Und welche Rolle spielt die deutsche Regierung in diesem Spiel? Keine gute! Nach anfänglicher - und gut begründeter - Ablehnung des geplanten US-Systems kam Kanzler Schröder im Februar zum Schluß, daß Deutschland seinen Partner USA wohl nicht umstimmen könne und daher wenigstens die technologische und wirtschaftliche Teilhabe am geplanten Raketenabwehrschild einfordern müsse. Dazu sagen wir nein. Einige Menschen und Gruppen haben daher Ende März eine bundesweite Initiative gegründet, die sich unter dem Motto "Raketen abrüsten statt abwehren!" mit einem Appell an die Bundesregierung wendet. Der Appell hat folgenden Wortlaut:
"Ich fordere die Bundesregierung auf, jede Beteiligung an einem Raketenabwehr-system abzulehnen und die Regierungen der USA und Europas zum Verzicht darauf zu bewegen.

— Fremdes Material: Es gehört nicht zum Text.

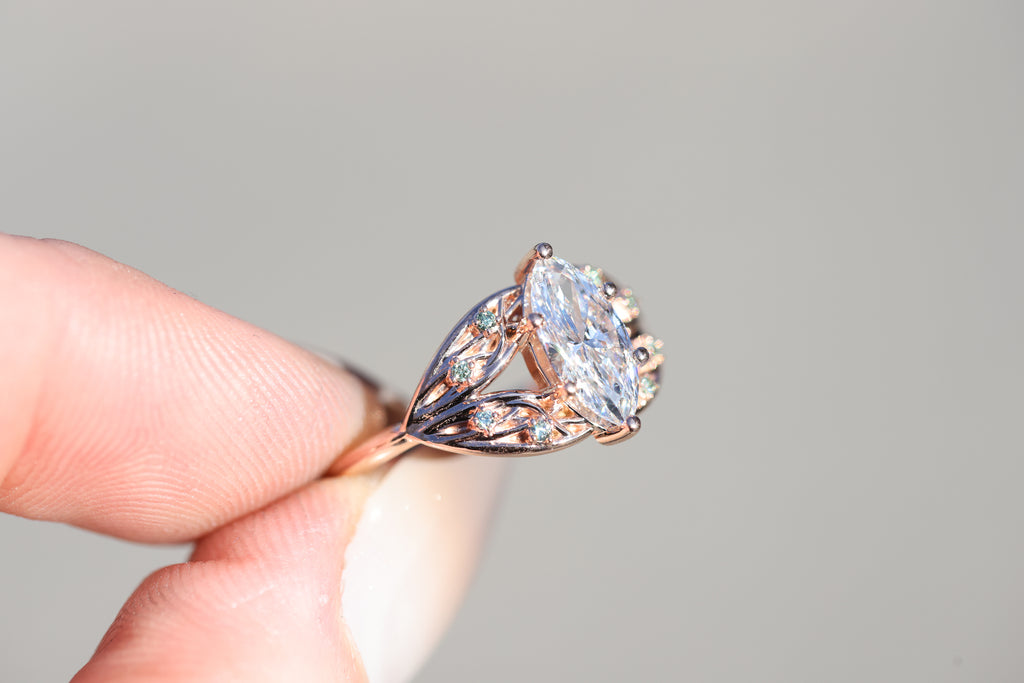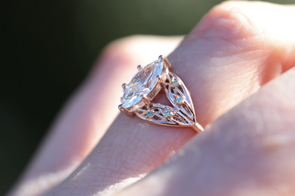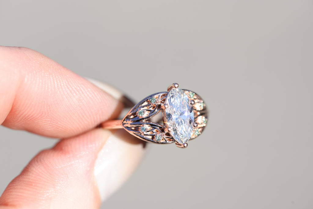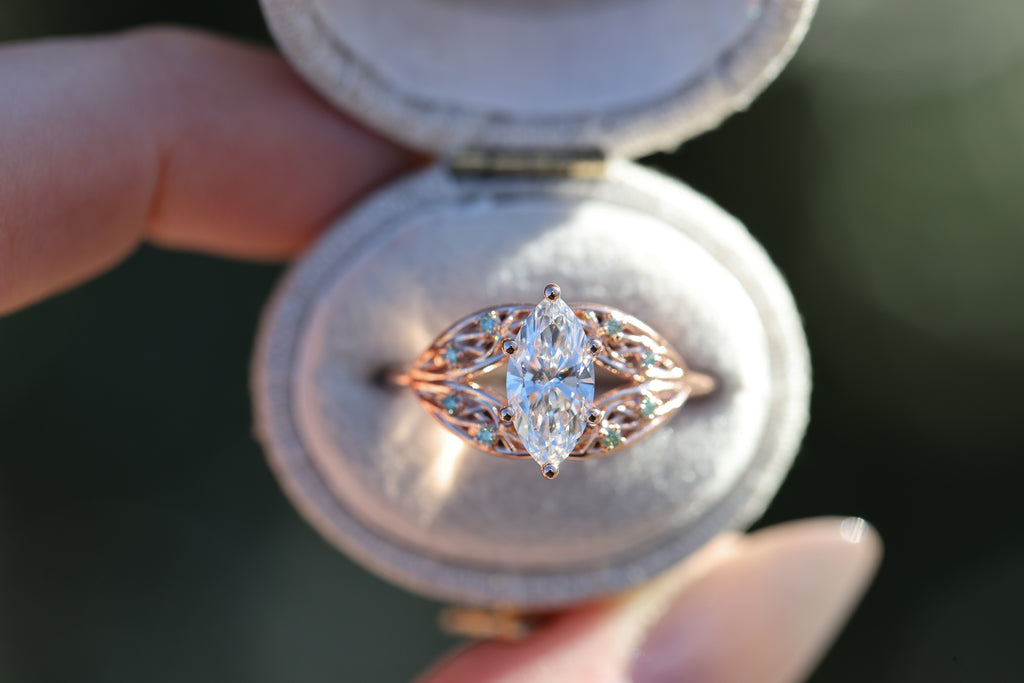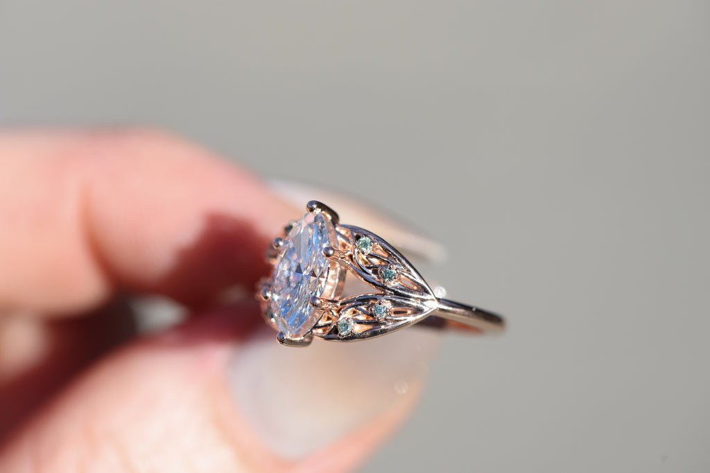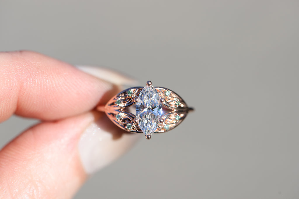 - 1ct (around 10x5mm) lab diamond, DEF coloring VVS2 or better. Will come with certification from IGI or GCAL

Statt durch ein kostspieliges Rüstungsprogramm eine neue Rüstungs-spirale auf der Erde und im Weltraum auszulösen, fordere ich politische Initiativen, die zur umfassenden Abrüstung von Raketen und Atomwaffen führen."

Im Gefühl von Unverwundbarkeit, unter dem Schutz von Raketenabwehrsystemen würden die USA - und in ihrem Gefolge die europäischen Verbündeten - noch weniger Hemmungen als bisher haben, weltweit und unter dem Deckmantel humanitären Eingreifens nach Gutdünken militärisch zu intervenieren - zur Sicherung ihrer Interessen und der Rohstofflieferungen.

Das dürfen wir nicht zulassen. "Raketen abrüsten statt abwehren!" - diese Forderung muß den Regierungen vieltausendfach entgegenschallen. "Raketen abrüsten statt abwehren!" - unterschreibt den Appell und unterstützt die Initiative. Ihr könnt das übrigens auch online tun, über www.ippnw.de. Ich wünsche uns allen eine raketen- und atomwaffenfreie Zukunft!